When the Freedom of Information Act (FOI) was first introduced in 1997, it was heralded as a major breakthrough for transparent working within the public sector. Its usage over the years has brought all of these services directly to account, but it has led to many concerns from politicians that journalists are treating the FOIA as a weapon, and as such, merely as a news story generator.
The Act was put forward in 1997, by the then Labour Government, as part of the White Paper, “Your right to know: The Government’s proposals for a Freedom of Information Act”. In this white paper, it’s initial remit was designed to show “more open government based on mutual trust”. 
Previous Governments, and public bodies had been accused of being secretive with information and data, and that members of the general public were not able to get the full picture of what was going on behind, so-called, closed doors.
Since its official introduction in 2000 in England, Wales and Northern Ireland, and 2002 in Scotland, the FOI act has had its critics, and even the man who spearheaded the legislation, the then Prime Minister, Tony Blair, who said in his memoirs that he regarded one of the biggest mistakes in his tenureship was “not the Iraq war but the introduction of the Freedom of Information Act”.

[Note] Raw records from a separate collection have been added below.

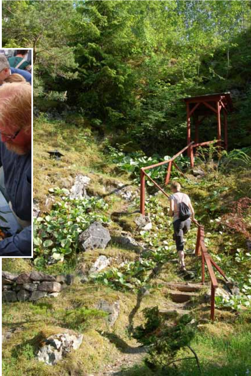
Föreningens resa 2011 till bl a Bastedalens Kinapark.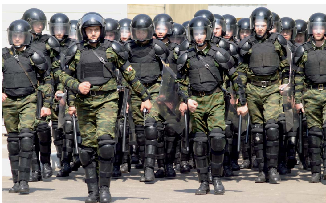
Добро должно быть с кулаками!

Задача наша состояла в том, чтобы держать под наблюдением колонну “троцкистов”. Маршрут движения пролегал по Тверской, в направлении Красной площади. По информации взаимодействующих с нами оперативников, наиболее и анархисты под предводительством “эргэсовцев”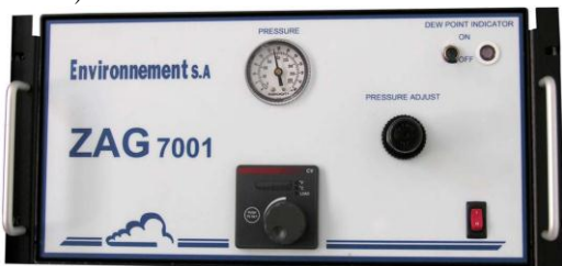
Fig. #4: Generador de Aire Cero ZAG7001.

Este equipo es el encargado de limpiar el aire de contaminantes para que pase a los equipos de medición. [6] Este módulo se considera un equipo de soporte. Algunas de las partes del módulo son esenciales para que este logre su objetivo, como el conector de aire cero, que este está separado del conector por un filtro, el cual se encarga de purificar el aire a trabajar. Este gas es el que pasará al módulo de ozono ( O_3 42M) al módulo de dióxido de azufre (AF22M), el módulo de monóxido de carbono (CO12M) y al módulo de dióxido de nitrógeno (AC32M) que son los encargados de hacer las lecturas de gases.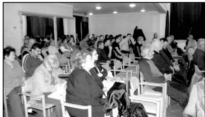
Az érdeklődő sarkadiak egy csoportja

„Keressük meg Magyarországot a világtérképen! Szép és termékeny ország, bátor és intelligens nép lakja. Hatvan évvel ezelőtt a magyarok - akárcsak az írek - szolgátságban éltek. Manapság szabad és virágzó nemzetként foglalnak helyet a vezető európai államok sorában. Egy kurta emberöltővel ezelőtt az osztrák kétféjű sas magyar vérben fürdött, s diadalittasan körözött a leigázott ország felett.” Az előbbi sorokat Arthur Griffith (1872-1922) írta „Magyarország fel-támadása. Párhuzam Írország számára” c. 1904-ben megjelent nagy hatású könyvében. A művet tanulmányozta M. Gandhi és Dzs. Nehru is, erőt és követező példákat találva benne India felszabadításához. (Írország és India fiai hamar egymásra találtak, mert elnyomójuk ugyanaz volt: Anglia.) A Griffith 1921-22-ben a függetlenné vált Írország első elnöke lett. Az általa leírt „magyar út” az írek számára is jónak bizonyult. (Sz1)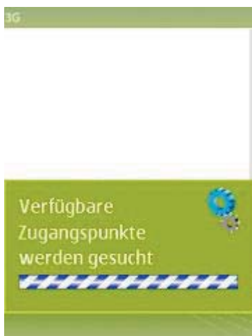
Abb 3: Suche Zugang

Nach dem Anklicken des Links innerhalb der Dienstmitteilung wird das Herunterladen automatisch gestartet. Auch hier gibt es zwei Optionen: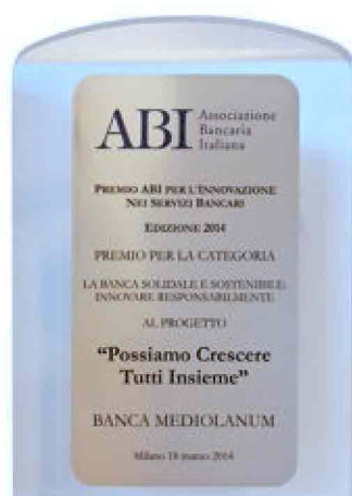
Il premio assegnato dall'ABI

Solamente nel corso del 2013, in seguito alle numerose alluvioni che hanno colpito diverse regioni italiane, Banca Mediolanum è intervenuta stanziando 1.600.000 euro a favore delle famiglie dei clienti e Family Banker che hanno subito danni. Oltre a ciò, sono state previste diverse agevolazioni tra le quali la possibilità di sospensione della rata mutui e prestiti per 12 mesi, l'attivazione di linee di credito privilegiate, la riduzione di un punto percentuale dello spread in essere su mutui e prestiti per 24 mesi e l'azzeramento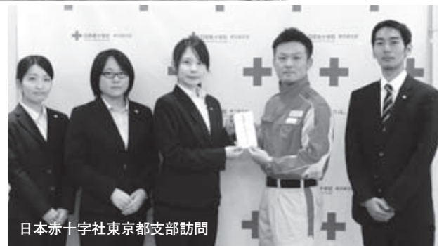
日本赤十字社東京都支部訪問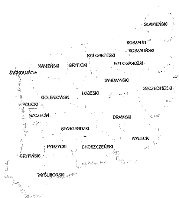
Mapa 1. Województwo zachodniopomorskie z podziałem na powiaty

grodzkie (miasta na prawach powiatu) i 18 ziemskich. Jest to piąty co do wielkości region Polski, o powierzchni 22,9 tys. km 2 , i jedenasty pod względem liczby 1 710 482 mieszkańców 7 , którzy w większości zamieszkują w miastach (wysoki odsetek 70% mieszkańców miast sytuuje zachodniopomorskie na trzecim miejscu pod względem zurbanizowania). Od zachodu graniczy z Niemcami, od północy – przez Morze Bałtyckie – ze Szwecją i Norwegią, od wschodu z województwem pomorskim i od południa z województwami lubuskim i wielkopolskim. Stolicą województwa jest Szczecin.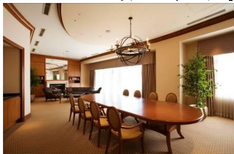
オーキッドルーム(90 m 2 )

親しい友人宅に招かれたような和やかで寛げる空間をテーマに設計。木の温もりを感じる、ダイニングテーブルとあわせソファセットもご用意。寛ぎの時間をお過ごしいただけます。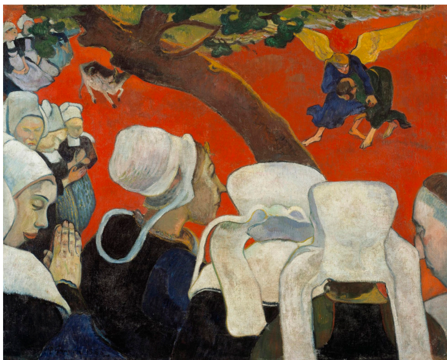
Lámina 2: Van Gogh, Visión después del sermón (1888) Galería Nacional de Edimburgo.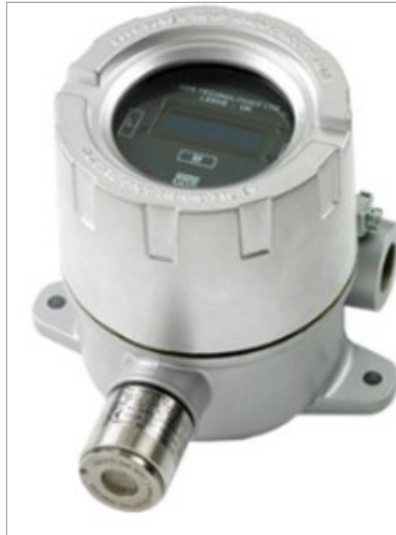
Stationäre Gaswarn- anlagen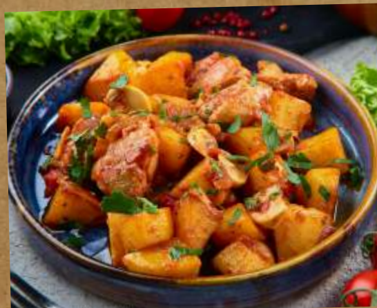
ЖАРКОЕ ИЗ БАРАНИНЫ / ИЗ КУРЫ С ГРИБАМИ MUTTON STEW / CHICKEN WITH MUSHROOMS STEW 燻炙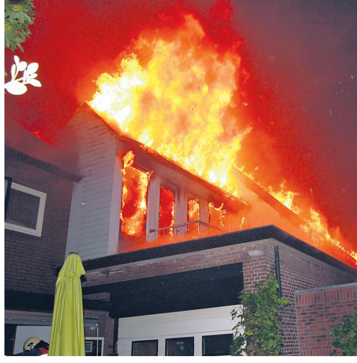
● Toen de brandweer arriveerde, kon de bovenverdieping als verloren worden beschouwd. De vlammen sloegen om zich heen, maar uitbreiding van de brand werd voorkomen.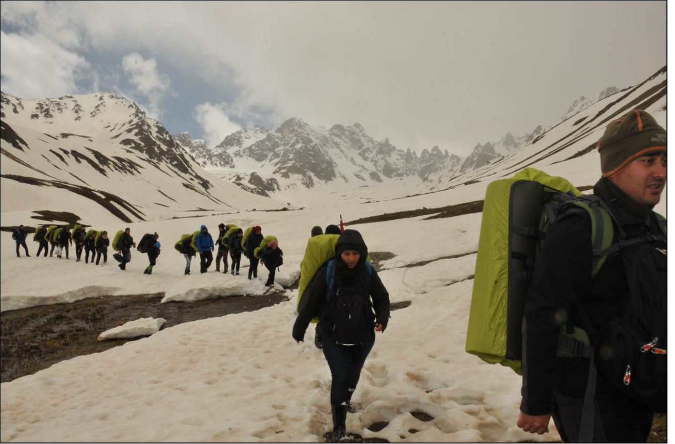
TİMİN DAYANIKLILIĞI İYİ...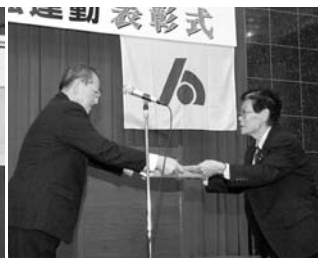
加入率の高い支部 第1支部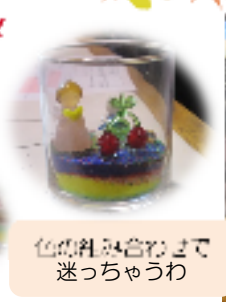
色の粒を混ぜて迷っちゃうわ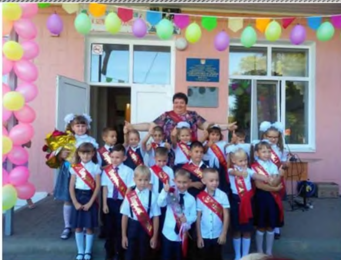
Линейка, посвященная Дню знаний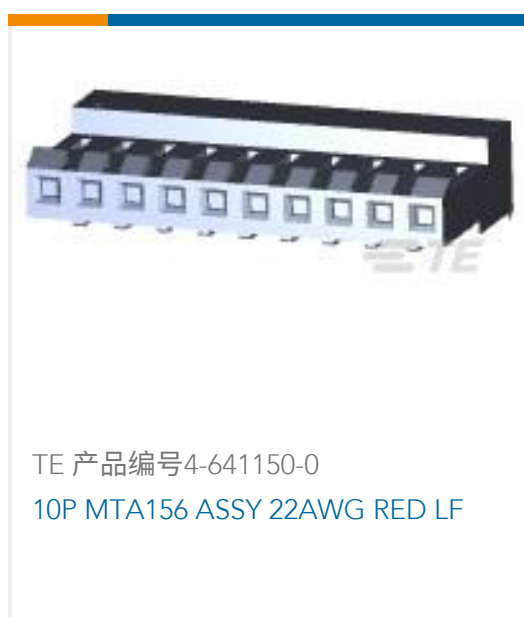
TE 产品编号4-641150-0 10P MTA156 ASSY 22AWG RED LF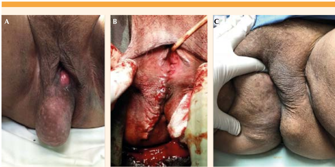
Figura 1. A) Protuberancia vulvar. B) Aspecto posoperatorio. C) Recidiva.

La inmunohistoquímica de la biopsia tomada en la primera intervención (2015) reportó el inmunofenotipo: actina de músculo liso positiva focal y negatividad para los marcadores MDM2, MYOD1 y S-100 ( Figura 2 ), compatibles con el diagnóstico de leiomioma.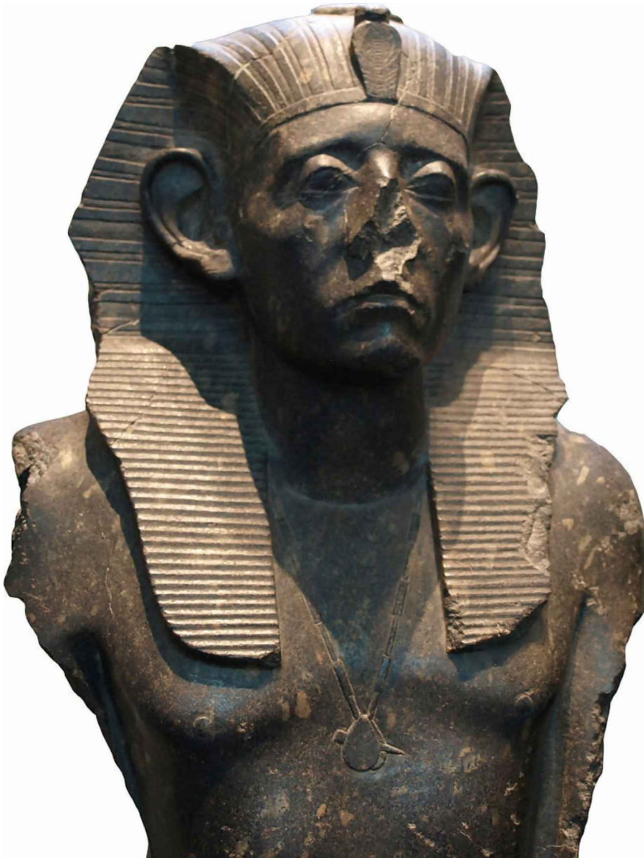
Imagem de estátuas de Senusret III

Como mencionado acima, as façanhas de Senusret III foram romantizadas e combinadas com as de outros reis egípcios para criar uma imagem positiva do rei que ainda era comum no Egito quase 2.000 anos depois de seu governo. Diodorus baseou sua história do Egito em uma combinação de fontes, embora os primeiros escritores gregos e sacerdotes egípcios que ele conferiu pessoalmente pareçam ter composto a maior parte de suas fontes primárias (Krebsbach 2014, 100). A natureza benéfica do rei sobre a qual ele escreveu foi, portanto, largamente extraída das histórias orais dos sacerdotes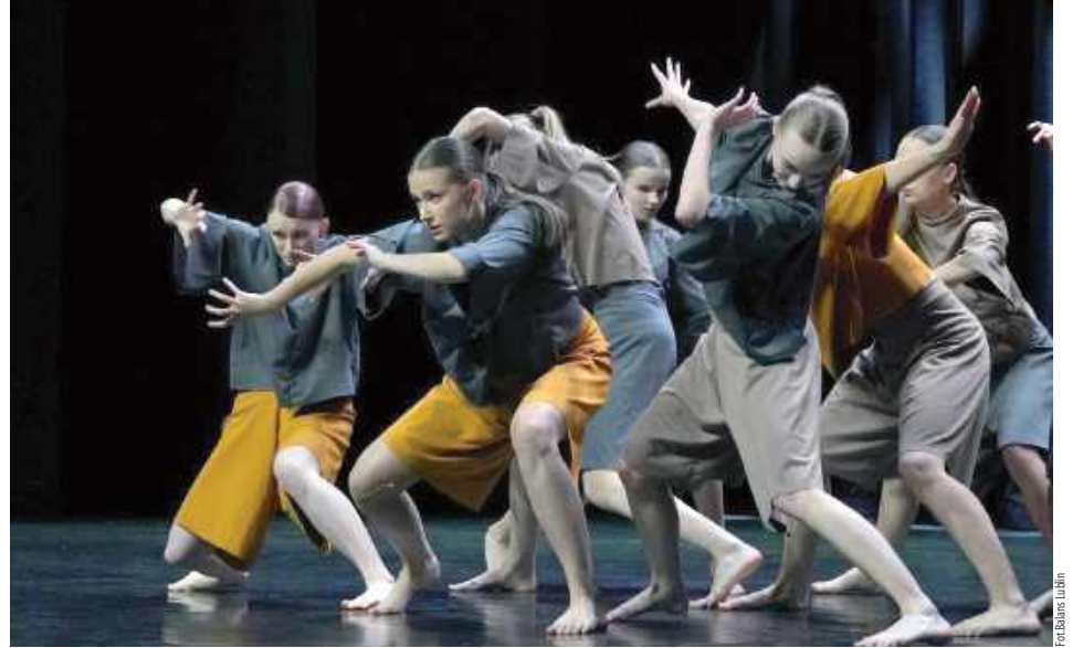
Ich sukces został doceniony!

W najmłodszej kategorii wiekowej, w której rywalizowało 10 zespołów, grupa Ada II zajęła drugie miejsce. W kategorii średniej, spośród 18 zespołów, grupa

Everyone is able to use the FOI act as a citizen, regardless of his or her geographic location. Journalists and other organisations such as campaign groups are entitled to use the FOI act in their day-to-day work.
Tim Farron, leader of the Liberal Democrats argues the case that FOI isn’t just for journalists to find news stories. Farron states “FOI is not just a nice journalistic tool” and that “FOI is actually about making sure that decisions that are made about the British People are accessible to the British People”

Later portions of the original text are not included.